The opportunity to collaborate internationally with other teachers and leaders was made possible because of the important work of Leading Educators and their sister organization in the UK, Teaching Leaders, and the British Council. It is because of organizations like these that the discussion of middle leadership is becoming more widely known. Programs like this in the future will continue to develop capacity in our future middle leaders and improve our schools.
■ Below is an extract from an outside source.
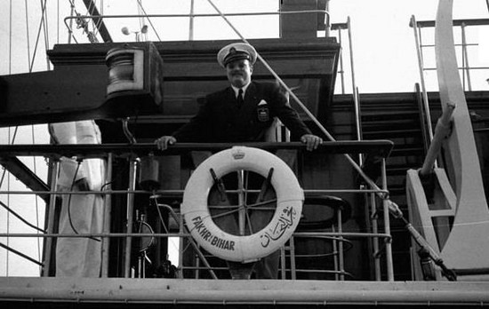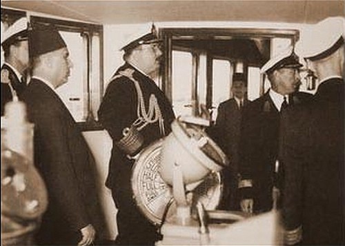 الملك فاروق الاول بملابس البحرية ويظهر فى الصورة جلال علوبة قائد يخت المحروسة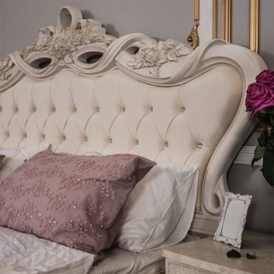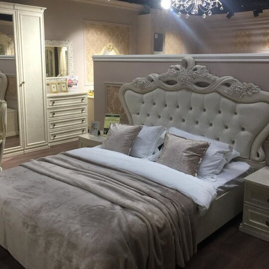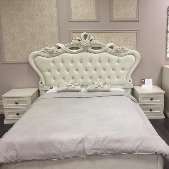 Производитель внимателен к деталям — это подчеркивается великолепной пластикой линий и мягким патинированием. Кровать смотрится эстетично, нарочитые украшения отсутствуют. Интерьер с мебелью Афина выглядит как единая композиция — стильно и гармонично.

Reflections on Trends in Teacher Leadership

Leading Educators Advisory Board Retreat, New Orleans, February 2013

by Andrea Berkeley, Leadership Development Direct at Teaching Leaders UK and Leading Educators Advisory Board Member

Andrea Berkeley

Although the observations that follow are based mainly on UK experience, similar trends appear to be emerging across global education systems: increased public accountability in tandem with greater autonomy for schools; an urgent imperative to close the opportunity gap between affluent and poorer communities; national, public or state authority over schools being replaced by stakeholder communities or not-for-profit mission-driven organisations impatient with endemic failures of the status quo. In addition to global shifts in economic power, the nature of work itself is changing along with advances in technology.
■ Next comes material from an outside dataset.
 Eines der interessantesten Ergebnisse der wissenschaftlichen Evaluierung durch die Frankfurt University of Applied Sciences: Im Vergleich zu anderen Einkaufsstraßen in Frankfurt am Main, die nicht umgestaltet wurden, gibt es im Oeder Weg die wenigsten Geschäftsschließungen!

The big question of the day seems to be whether our education systems are fit for purpose. Although successive government reforms in the UK have driven up standards overall in the last 10 years, the gap between the attainment of children from poor and affluent homes has remained roughly the same, in some areas it has widened, and there is a long tail of underachievement.

The legacy of the Charter School movement in the US - KIPP in particular - echoes through the rapid emergence of new kinds of school organisation in the UK – federations clustered around ‘Teaching Schools’ which, partnered with a university, provide professional development from initial teacher training to leadership and management across groups of schools; independent yet state-funded chains of academies and the new ‘Free Schools’.

These systemic changes afford more opportunities for collaboration and the kind of distributed leadership essential for building a self-sustaining system, where schools learn from and support each other. This ideal is easier said than done: for some sceptics the definition of ‘collaboration’ would seem to be ‘the suppression of mutual loathing in pursuit of government funding’, when faced with the reality of forced collaboration or reluctant leadership.

A McKinsey report on education standards published in the UK two years ago emphasised the importance of school leadership, citing research demonstrating that the quality of leadership is second only to classroom teaching in its impact on student achievement. The same report also published data showing that in-school variation – between subject departments and between individual teachers – is as big a driver of the opportunity gap as school-to-school variation.

Both the UK and the US have invested soundly in the development of school leadership in recent years, both as a strategic management tool and as a means of growing the leadership talent pipeline. But the focus has been mainly on senior leadership and not on those teachers who lead on the frontline of delivering improved standards.

The imperative to address the development needs of ‘first-line leaders’ – those middle ranking teachers who lead teams of teachers – was raised at an Education Summit held by Leading Educators US and Teaching Leaders UK in Washington DC in 2009. Little has been institutionalised in developed countries since then and the concept is almost virtually unknown in developing nations. Even in the UK and the US there is still a prevalence of ‘first among equals’ or ‘advocate’ culture rather than teacher-leaders who are accountable and who hold others to account.

The time for a collaborative, networked approach that includes support for individual teacher-leaders as well as advancing systemic change might just be right, as Generation Y, the ‘Me’ Generation is being replaced by the ‘C’ Generation, a psychographic group emerging on both sides of the Atlantic as highly connected, pluralistic, multi-cultural, media-savvy digital citizens with shared values and lifestyles.